Items whose page-location overlaps the summary range → line-items
All other items → breakdown-items

If summary-page-range is null: All items remain in line-items, breakdown-items is absent. Current behavior, no change.

Overlap logic: An item overlaps if its page-location range intersects the summary range. For summary-page-range: [1, 1] and item page-location: [1, 1] → overlap. Item page-location: [2, 3] → no overlap.

The orchestrator and post-processing see the same structured-data shape as today — line-items just contains fewer items when a summary range is active.

The chunking parameters from the 2026-03-16 implementation remain:

chars-per-token = 2 (conservative for number-heavy content)
prompt-overhead-tokens = 15000
max-chunk-chars = 150000 (~120 pages per chunk)
Continuation prompt for non-first chunks

3. Post-Processing — No Code Changes

Post-processors operate on structured-data.line-items as they do today. With the item split, they receive only summary items:

Accounts matcher: 1 item instead of 2000 → 1 LLM call
Cost center matcher: 1 item → 1 LLM call
Tax compliance: small JSON → fits in context
Uncertain validations: small JSON → fits in context
Financial validation: math checks against summary totals → consistent

No batching issues, no context window overflow, no cost explosion.

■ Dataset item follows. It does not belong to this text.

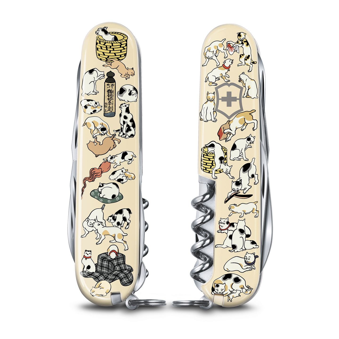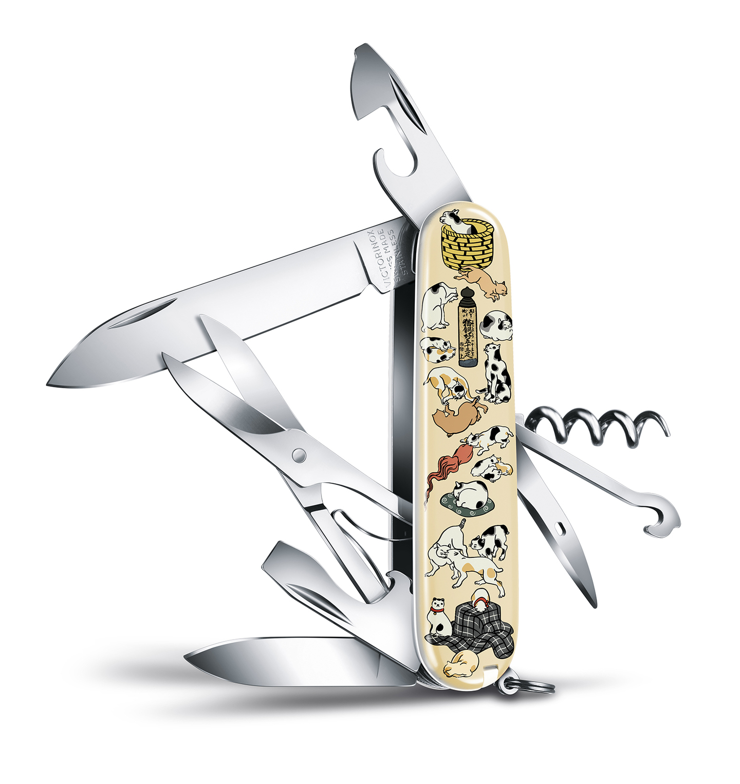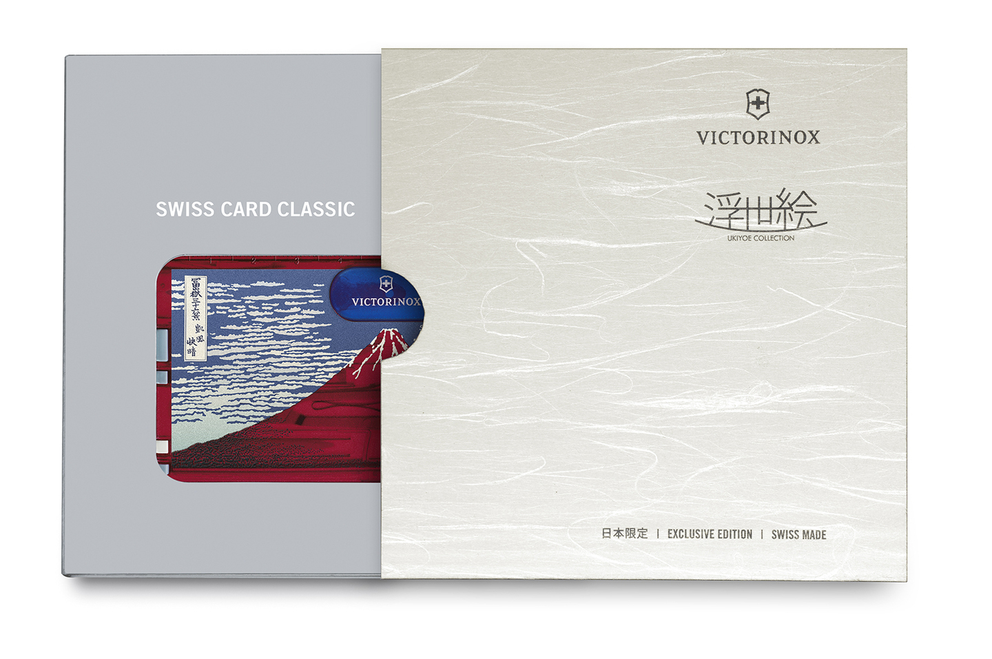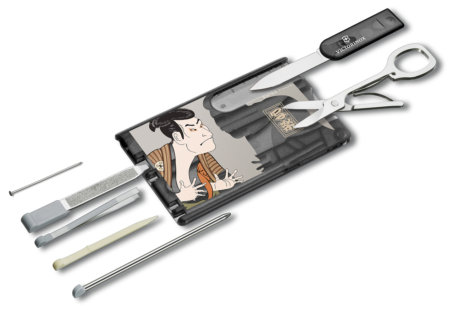 江戸時代(1603~1868年)に庶民文化の中で花開いた浮世絵アートをモチーフにしたこのコレクションは、<スイスカード>と<クライマー>をベースに、はさみやブレード、ピンセットなど日常生活に役立つ機能を搭載しています。ビジネスからタウンユース、アウトドアと幅広いシーンで活躍するアイテムです。

4. Deterministic Validation Warning

Add a large-document-summary-only check in validation.clj. When summary-page-range is present:

Status: "warning" (not error — doesn't block processing)
Message: "Invoice has N pages — only the summary page was processed for account and cost center matching. Detailed breakdown available for download. Manual review recommended."

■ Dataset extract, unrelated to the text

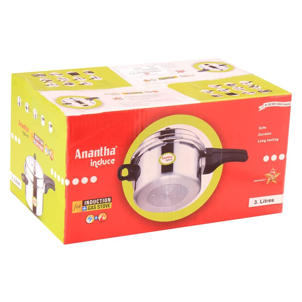 Anantha Induce Cookers 3L – Induction Base Aluminum Pressure Cookers Three Litre to easily Prepare food for Three to Four persons. This modern pressure cooker is traditionally designed to be incredibly safe and stylish. The handles with double screw ensure a firm grip and improves the sturdiness of the cooker. Our Induce Cookers are Suitable for Induction, Gas, Electric, Ceramic and all other cooktops. Our High Quality Pressure Cookers Saves Energy, cooks fast and is the most versatile cooker available.

This uses the existing validation results mechanism that already renders in the UI.

5. Config Changes

Add :classification-large to the LLM config in config.edn, pointing to Sonnet. This is referenced by the orchestrator's llm-config map alongside the existing keys.

;; In :com.getorcha/llm:
:classification-large {:provider :anthropic
                       :api-key  #orcha/param "/v1-orcha/anthropic-api-key"
                       :model    "claude-sonnet-4-5-20250929"}

;; In the orchestrator's :llm-config:
:classification-large #ref [:com.getorcha/llm :classification-large]

6. Schema Changes

structured-data additions:

;; In the StructuredData Malli schema:
[:summary-page-range {:optional true} [:maybe [:tuple :int :int]]]
[:breakdown-items    {:optional true} [:maybe [:vector LineItem]]]

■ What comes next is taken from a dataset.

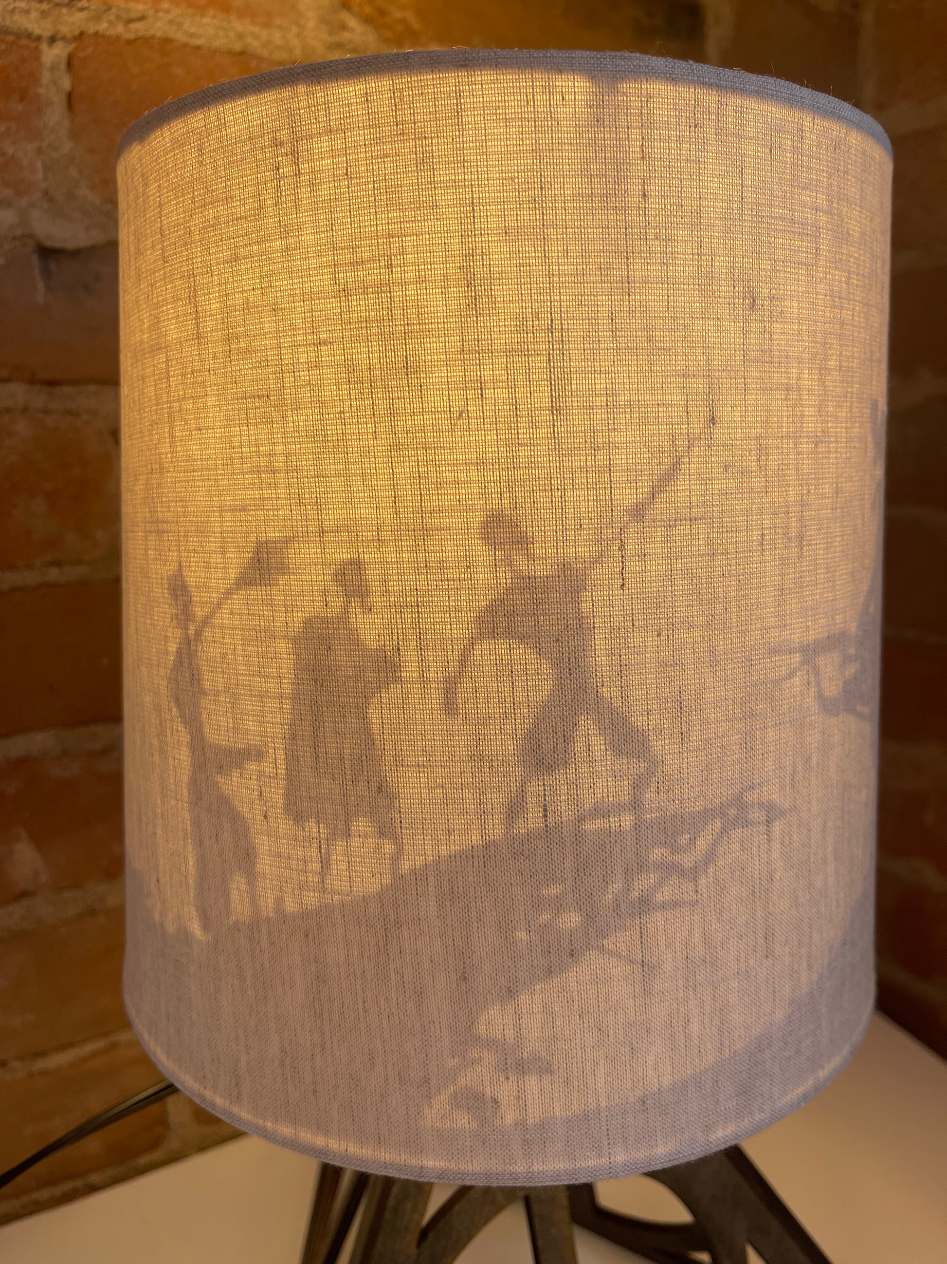 'The Three Brothers' lamp with beautiful handmade wooden base. We use a dark stained lightweight 1/4" oak plywood that we laser cut, and then hand assemble each lamp. The lampshade is a beige/off-white color that features a silhouette of the Three Brothers as depicted in the Deathly Hallows animation.

breakdown-items has the same shape as line-items — same LineItem schema — but without the post-processing enrichment fields (no debit-account, credit-account, cost-center, etc.).

classification additions:

;; In the classification output:
[:summary-page-range {:optional true} [:maybe [:tuple :int :int]]]

7. UI Changes

Summary items displayed in the normal line items table (with account/cost-center matches)
Breakdown items available via CSV download button
Warning banner from the validation check: "Large invoice — needs manual review"

8. Pipeline Flow

Document arrives
    │
    ▼
Transcription (unchanged)
    │
    ▼
Classification (agent loop)
    ├─ ≤50 pages: classify only (1 iteration, 0 tool calls)
    └─ >50 pages: classify + summary detection (2-4 iterations with tools)
    │
    ▼
Extraction (all pages, chunked if needed)
    ├─ If summary-page-range set: split into line-items + breakdown-items
    └─ If null: all items in line-items (current behavior)
    │
    ▼
Post-processing (on line-items only)
    │
    ▼
Validation (adds summary-only warning if applicable)
    │
    ▼
Store structured-data with line-items, breakdown-items, summary-page-range

What This Does NOT Solve

Extraction cost: Chunked extraction still makes 5 API calls for a 466-page document. This is acceptable — extraction happens once, and we need the full data.
Extraction quality: LLM extraction of 120 pages per chunk with hundreds of line items per chunk may miss items or produce errors. Acceptable for breakdown items — they're reference data, not enriched.
Breakdown enrichment: Breakdown items get no account/cost-center/tax matching. Users must review manually. This is the intended behavior.
Dynamic summary detection for ≤50 page documents: These go through the normal pipeline. If a 30-page invoice has post-processing issues, that's a separate problem to solve (likely by batching post-processors better).